[Gluster-devel] Harddisk economy alternatives

Wed Nov 9 19:50:45 UTC 2011

On 09/11/2011 19:09, Magnus Näslund wrote:
> On 11/09/2011 06:51 PM, Gordan Bobic wrote:
>>
>> My main concern with such data volumes would be the error rates of
>> modern disks. If your FS doesn't have automatic checking and block level
>> checksums, you will suffer data corruption, silent or otherwise. Quality
>> of modern disks is pretty appaling these days. One of my experiences is
>> here:
>> http://www.altechnative.net/?p=120
>> but it is by no means the only one.
>>
>
> Interesting read, and I agree that raid data corruption and hard disk
> untrustworthiness issues being a huge problem. To combat this we're
> thinking of using a crude health checking utility that would use
> checksum files, on top of whatever we end up using (glusterfs or
> otherwise). These scripts would be specific to our application, and file
> based.
>
> In glusterfs I believe that it would be possible to do the checksum
> checking locally on the nodes, since the underlying filesystem is
> accessible?

In some cases. If you are using striping, then that gets potentially 
tricky. If you are using straight mirroring, then yes, you could easily 
just check the underlying files. However, that would mean manually 
correcting things. ZFS will check this for you every time a file is 
accessed or scrubbed and auto-correct the corrupted blocks, so no 
corrupted data ever gets served.

>> Currently the only FS that meets all of my reliability criteria is ZFS
>> (and the linux port works quite well now), and it has saved me from data
>> corruption, silent and otherwise, a number of times by now, in cases
>> where normal RAID wouldn't have helped.
>>
>
> We're using OpenSolaris+ZFS today in production, if glusterfs works well
> on OpenSolaris that might very well be what we end up with.

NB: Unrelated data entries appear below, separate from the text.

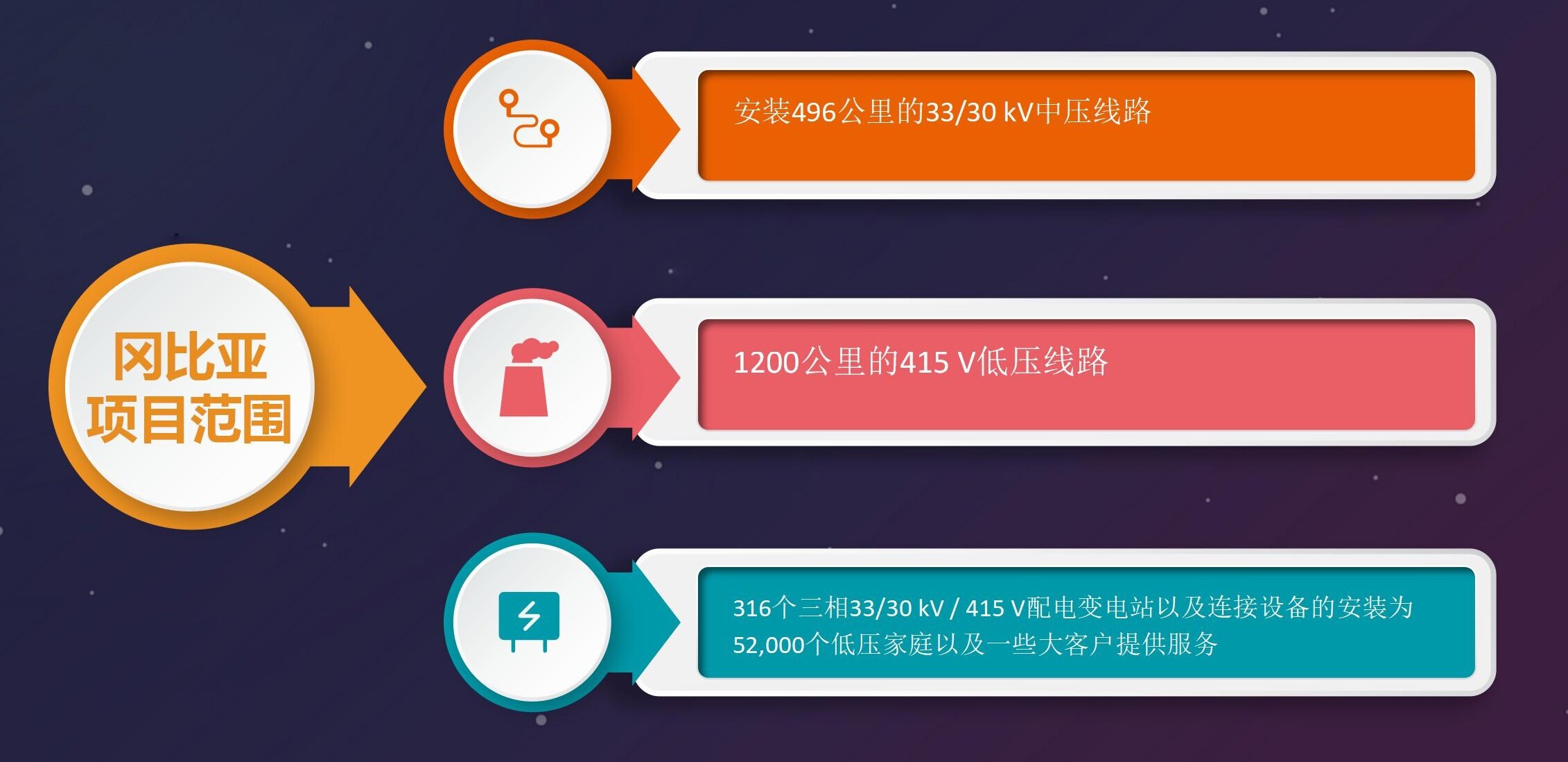 在冈比亚,合同涉及安装496公里的33/30 kV中压线路,1200公里的415 V低压线路,316个三相33/30 kV / 415 V配电变电站以及连接设备的安装为52,000个低压家庭以及一些大客户提供服务。首选公司将有24个月的时间在该国家完成该项目。
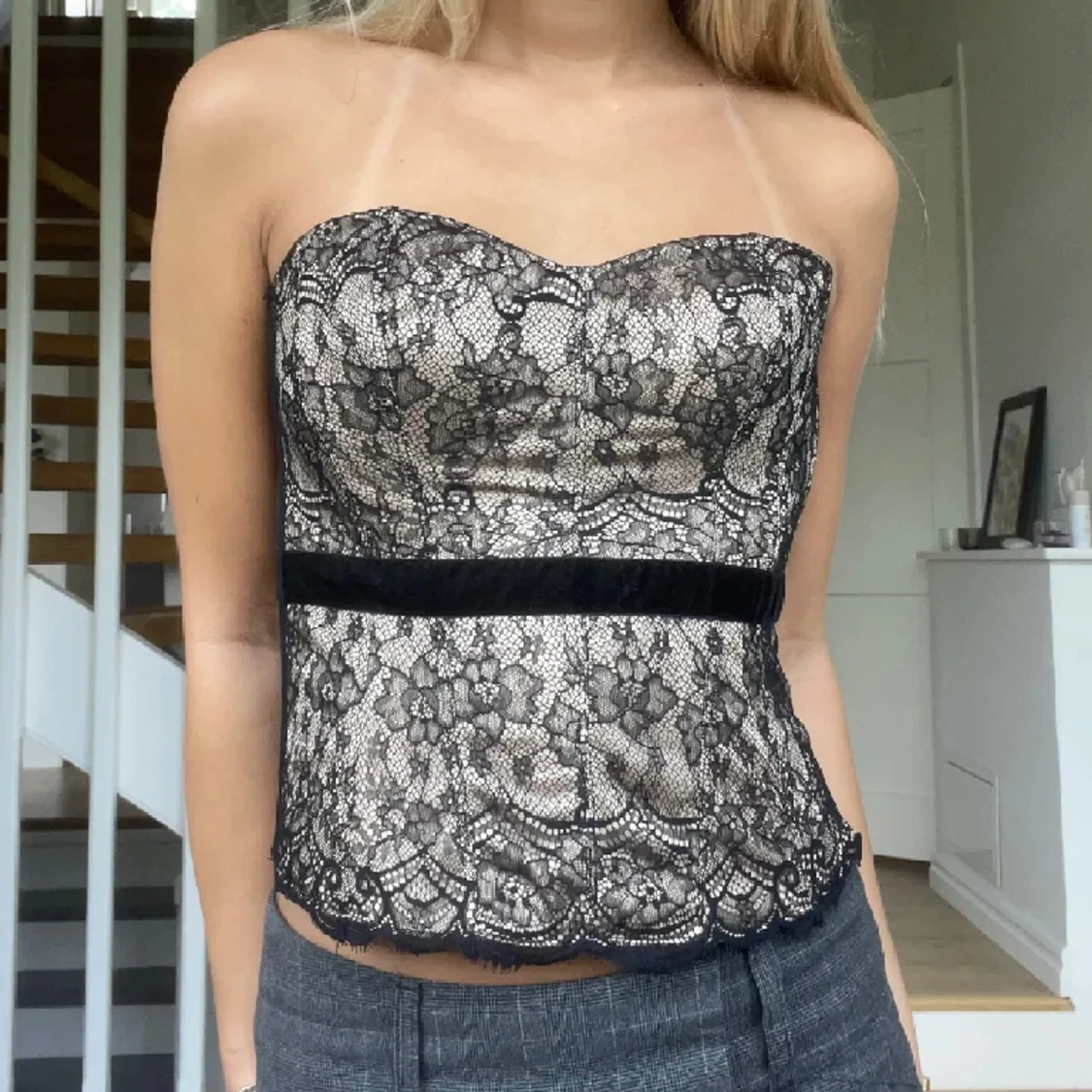 Jättesnygg korsett topp i spets i storlek s, inga defekter. 200kr+frakt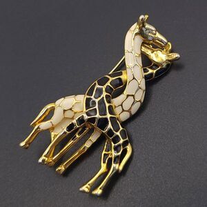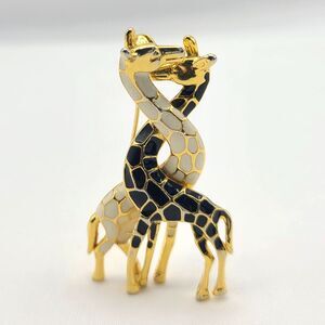 Vintage 80s Gold Tone Intertwined Giraffes Black & White Enamel Brooch Pin Retro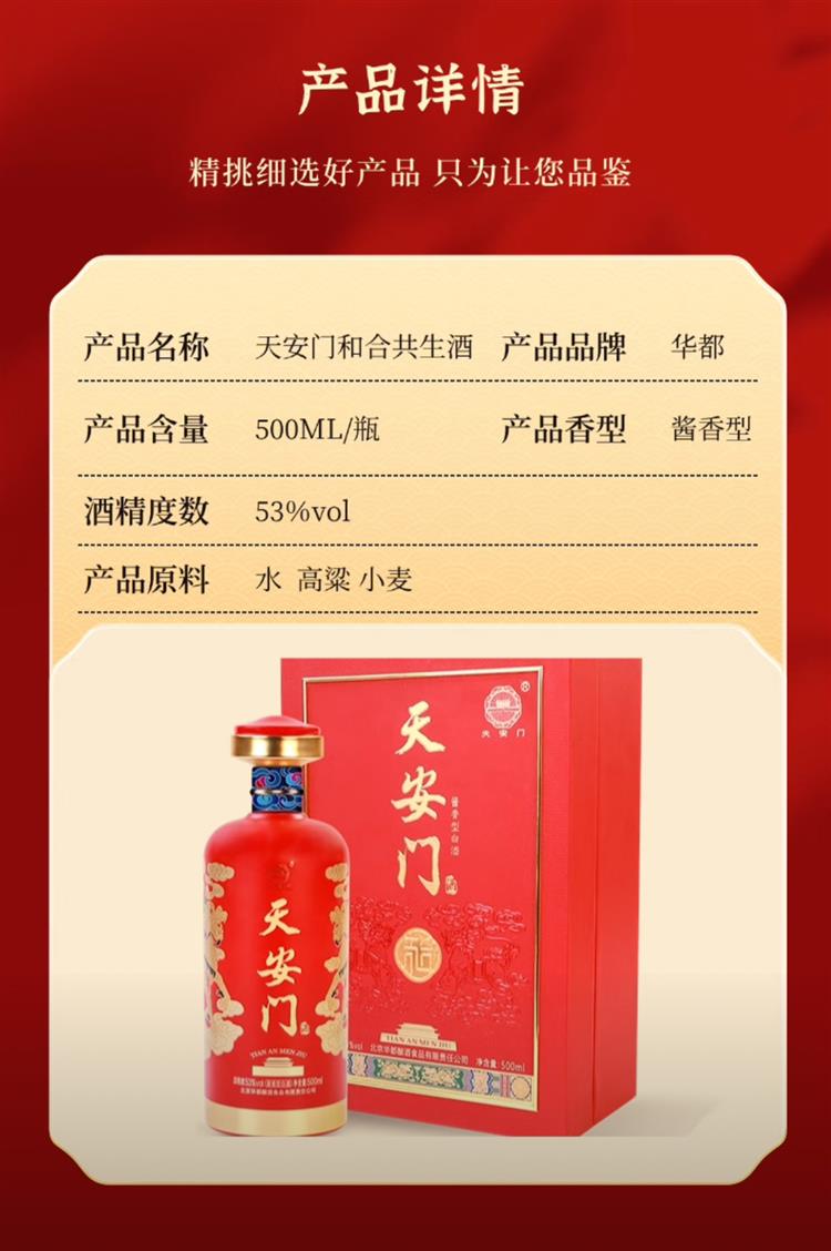 “天安门和合酒”出自华都酒业,它最大的亮点在于其出色的酒体,采用20年的优质酒体精心调配,历经岁月沉淀的醇厚口感,入口便能感受到独特风味。酒液色泽微黄,清亮透明 ,酱香浓郁且细腻,伴随着淡淡的焦香、粮香,诸味协调。下咽顺滑,回味悠长,空杯留香持久,给饮者带来丰富且美妙的味觉盛宴。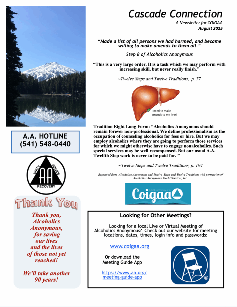 August 2025 COIG Newsletter Is HERE! by COIGAA Admin Download Newsletter Please leave this field empty Stay informed about your AA community with the latest Central Oregon Intergroup announcements sent directly to your inbox. We promise we’ll never spam! Thanks for signing up. Be sure to check your inbox or spam folder to confirm your subscription.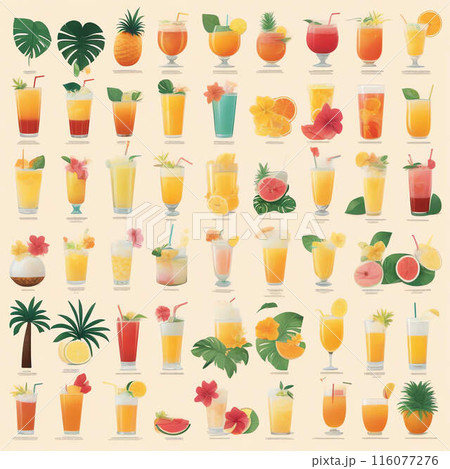 插圖集:新鮮果汁和夏季熱帶植物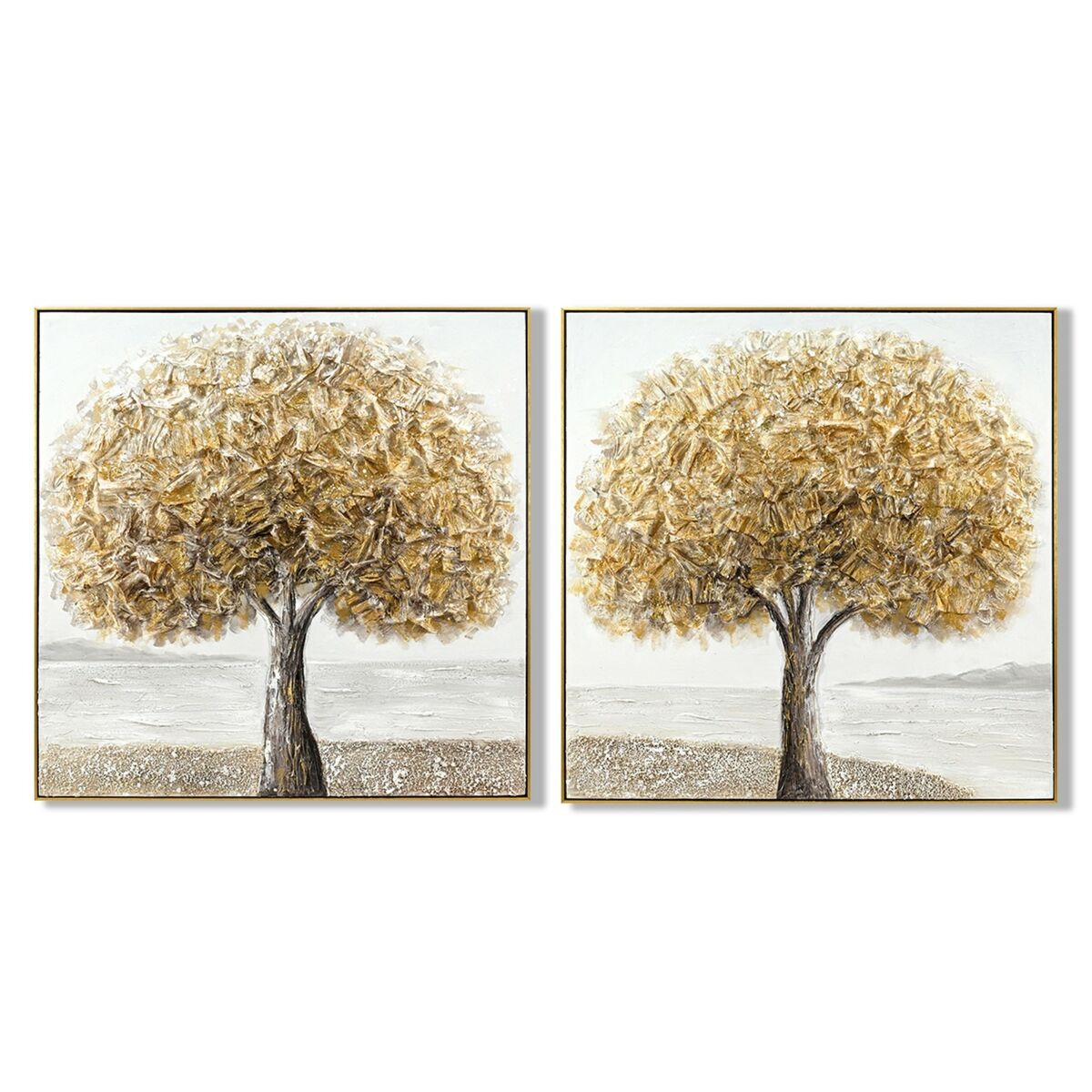 Lienzo Home ESPRIT Gris Dorado Árbol Tradicional 102 x 4,5 x 102 cm (2 Unidades)

I have no idea whether glfs works well on Solaris. It's worth trying, 
but given how much effort Emanuel has put into porting it to (Net)BSD, 
it may well not "just work", but perhaps one of the developers will be 
able to clarify whether glfs is tested/supported/expected to work on 
Solaris.

> We're a linux-shop, but we settled for OpenSolaris on ZFS alone.
> Are you running glusterfs on Solaris or/and Linux in production?

On Linux.

You may be interested to have a look here:

http://groups.google.com/a/zfsonlinux.org/group/zfs-discuss/browse_thread/thread/4d88218d6c8f67f0/78a7b633dd66157a?hl=en&lnk=gst&q=glusterfs#78a7b633dd66157a

>> Anyway, to summarize:
>> 1) With large volumes of data, you need something other than the disk's
>> sector checksums to keep your data correct, i.e. a checksum checking FS.
>> If you don't, expect to see silent data corruption sooner or later.
>
> The silent corruption case can be mitigated an application specific way
> for us, as described above. Having that automatically using ZFS is
> definately interesting in several ways. Does glusterfs have (or plan to
> have) a scrubbing-like functionality that checks the data?

I'd be interested to hear the developers' thoughts on this, but I think 
this would be extremely expensive. Doing "ls -laR" to check/auto-heal 
all files is already very time consuming on large file systems. 
Calculating md5s of all files as well would be orders of magnitude more 
expensive.

Gordan